Problem description
Nothing but the lines from the one with "東風(fēng)黃牌4.2米" through the end of the listing should be reproduced, each exactly and with pictures omitted.

Information provided
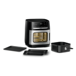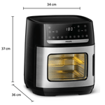Este horno 2 en 1 funciona como horno tradicional y como Airfryer, permitiendo freír, hornear, asar, tostar, deshidratar, recalentar, fermentar y más. Su pantalla táctil intuitiva cuenta con 10 programas automáticos, como papas fritas, pollo, pescado, pizza, pastel, yogur y otros.
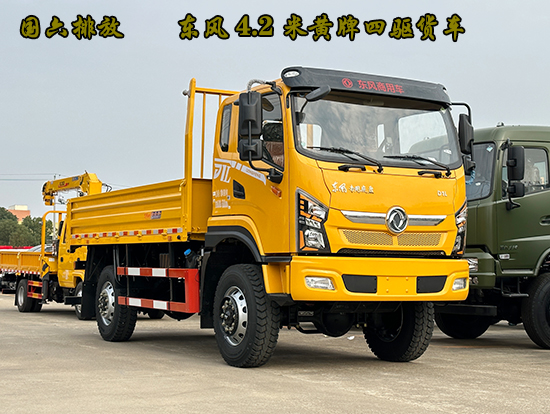 東風(fēng)黃牌4.2米原廠四驅(qū)貨車,DFV1101GP6D型四驅(qū)載貨汽車,該車驅(qū)動形式為4×4全輪驅(qū)動,采用東風(fēng)牌DFV5101TGP6DJ型特種作業(yè)底盤,采用東風(fēng)D1L一排半駕駛室?guī)г瓘S空調(diào),4×4驅(qū)動,選裝玉柴YCY30170-60和玉柴YCS04180-60發(fā)動機(jī),韶齒五檔變速箱,杭齒450分動箱帶高低擋,分時四驅(qū),軸距:3500mm,295/80R22.5越野輪胎,4T前橋,8T后橋,電動玻璃,方向助力,斷氣剎,帶ABS。車廂長4.2米,整車長6.05米,接近角33度,離去角17度,最小離地間隙35公分,涉水深度0.8米。
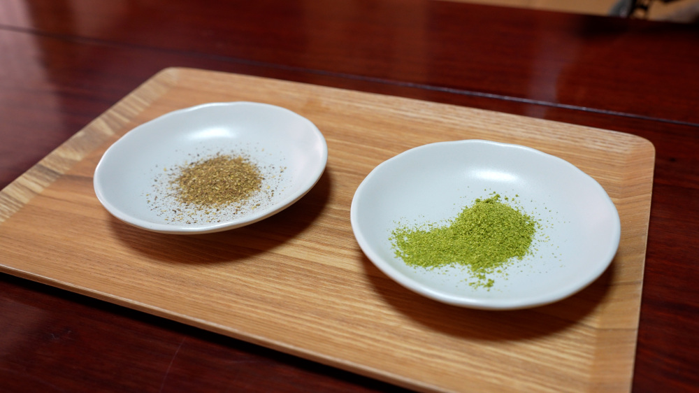 原材料を選別に選別を重ねた粉山椒 「原材料の選別を繰り返し、一番いい状態のものだけを粉に挽いています。世の中にぶどう山椒の商品はたくさん出ていますが、高品質なものは少ないので本物を味わってもらいたいです。」
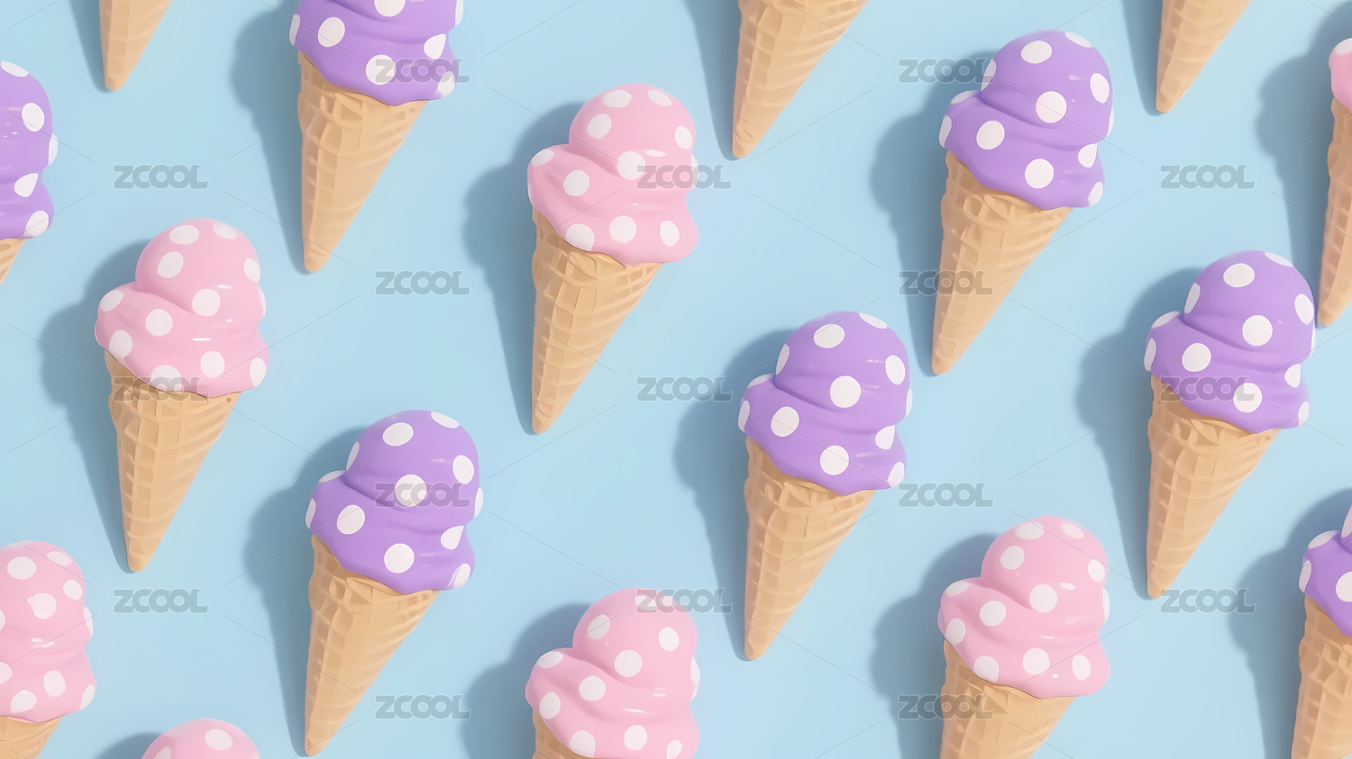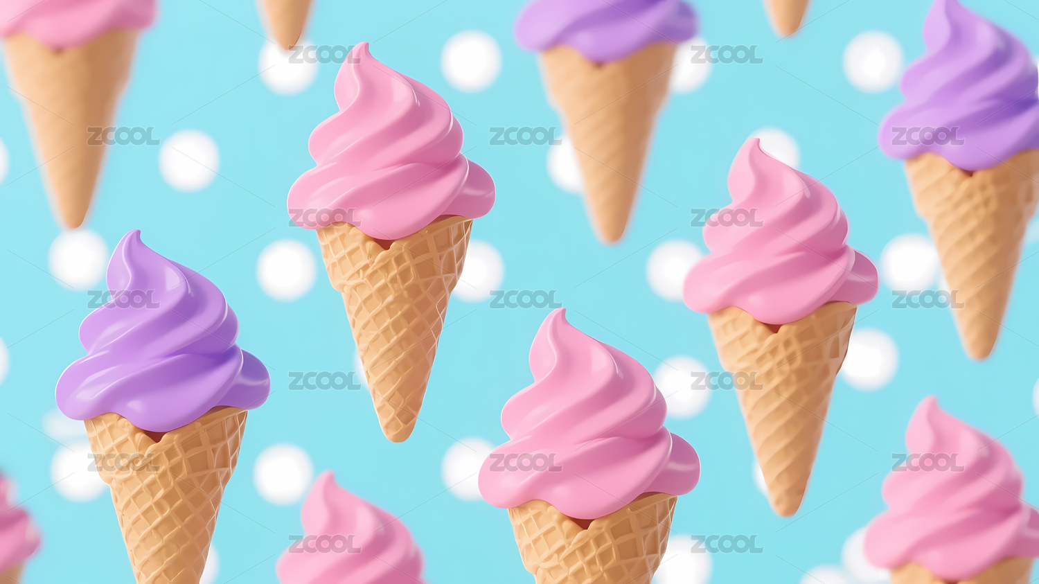 紫色粉色冰淇淋与波点背景

Your response
 東風(fēng)黃牌4.2米原廠四驅(qū)貨車,DFV1101GP6D型四驅(qū)載貨汽車,該車驅(qū)動形式為4×4全輪驅(qū)動,采用東風(fēng)牌DFV5101TGP6DJ型特種作業(yè)底盤,采用東風(fēng)D1L一排半駕駛室?guī)г瓘S空調(diào),4×4驅(qū)動,選裝玉柴YCY30170-60和玉柴YCS04180-60發(fā)動機(jī),韶齒五檔變速箱,杭齒450分動箱帶高低擋,分時四驅(qū),軸距:3500mm,295/80R22.5越野輪胎,4T前橋,8T后橋,電動玻璃,方向助力,斷氣剎,帶ABS。車廂長4.2米,整車長6.05米,接近角33度,離去角17度,最小離地間隙35公分,涉水深度0.8米。
 原材料を選別に選別を重ねた粉山椒 「原材料の選別を繰り返し、一番いい状態のものだけを粉に挽いています。世の中にぶどう山椒の商品はたくさん出ていますが、高品質なものは少ないので本物を味わってもらいたいです。」
 紫色粉色冰淇淋与波点背景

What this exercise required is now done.